The chief surgeon was being difficult. He, too, was a bird colonel — just recently having received his eagles, from the obvious pleasure he took in making life difficult for another officer of equal rank — and he saw no reason why he should do what Colonel Brice wanted. “Medical records,” he said pompously, “are classified material. Authorized personnel only. I’m afraid I’ll have to know your reason for wanting to see this man’s records, and also your request will most definitely have to come through the proper channels. You must know, Colonel Brice, the proper procedure for—”

“Ketchup,” said the colonel, disgusted. Since his two boys had grown old enough to understand and imitate the vocabulary of their elders, this had become the colonel’s one swear word, and it was usually disconcerting to other people the first time they heard him use it.
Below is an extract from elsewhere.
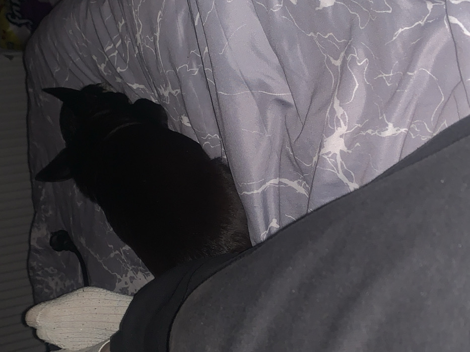 A dimly lit indoor scene in Lehchevo, Bulgaria, displays a black, short-haired dog resting on a bed. The dog, possibly a French Bulldog given its build and erect ears, is positioned on the right side of the frame, facing right, with its back partially towards the viewer. The bed is covered with grey bedding featuring irregular white vein-like patterns. To the left, a human left lower leg and foot are visible. The foot is encased in a light-colored, possibly off-white, ribbed sock, showing minor dark particulate matter. The leg is covered by dark grey fabric trousers. A thin, dark cable or cord is visible on the bed surface behind the dog's head.

It was disconcerting to the chief surgeon. “I beg your pardon?”

“Where’s your hot line?” demanded the colonel.

“Well, really, Colonel, it requires an emergency of—”

“Ketchup,” said the colonel again. He came around the chief surgeon’s desk and, over that astonished gentleman’s protests, proceeded to open desk drawers.

The bright red phone was in the bottom drawer on the right-hand side. The colonel picked it up, waited a second, and then said, “Brice. For Corey.” He waited a few seconds more, and then said, “Jack? I’m fine. I want some records and — Right you are.” Deadpan, he handed the receiver to the chief surgeon.

The chief surgeon, bug-eyed, put the phone to his ear and announced his name and rank. Then he listened, nodded vacantly, said, “Of course, sir. Certainly, sir,” and put the receiver gently back onto its cradle. He closed the door, and in a chastened voice said, “I had no idea—”

“That’s all right, Colonel. Now, if I could have the medical records—”

“Of course. Certainly. Immediately.”

It took, as a matter of fact, just about ten minutes for the records to get into Colonel Brice’s hands. Then the colonel, at his request, was given an empty office where he and Clark and Swanson could look them over at leisure.

They already knew quite a bit about their man: Jeremy Masters, Airman Basic, AF12451995; twenty years, five months and twelve days old; born in Crane City, Pennsylvania; lived there all his life until he went away to attend a small liberal arts college at Marshall, in the same state; two years of college, average grades; enlistment in the Air Force; score of 73 on the Armed Forces Qualification Test. Stanine scores ranging between six and eight, with a nine on clerical; negative police check; a class one physical profile on everything except eyes, where he had a two, being somewhat nearsighted; no known subversive activities, and made no sports teams in high school or college; studied trumpet four years, not very good at it.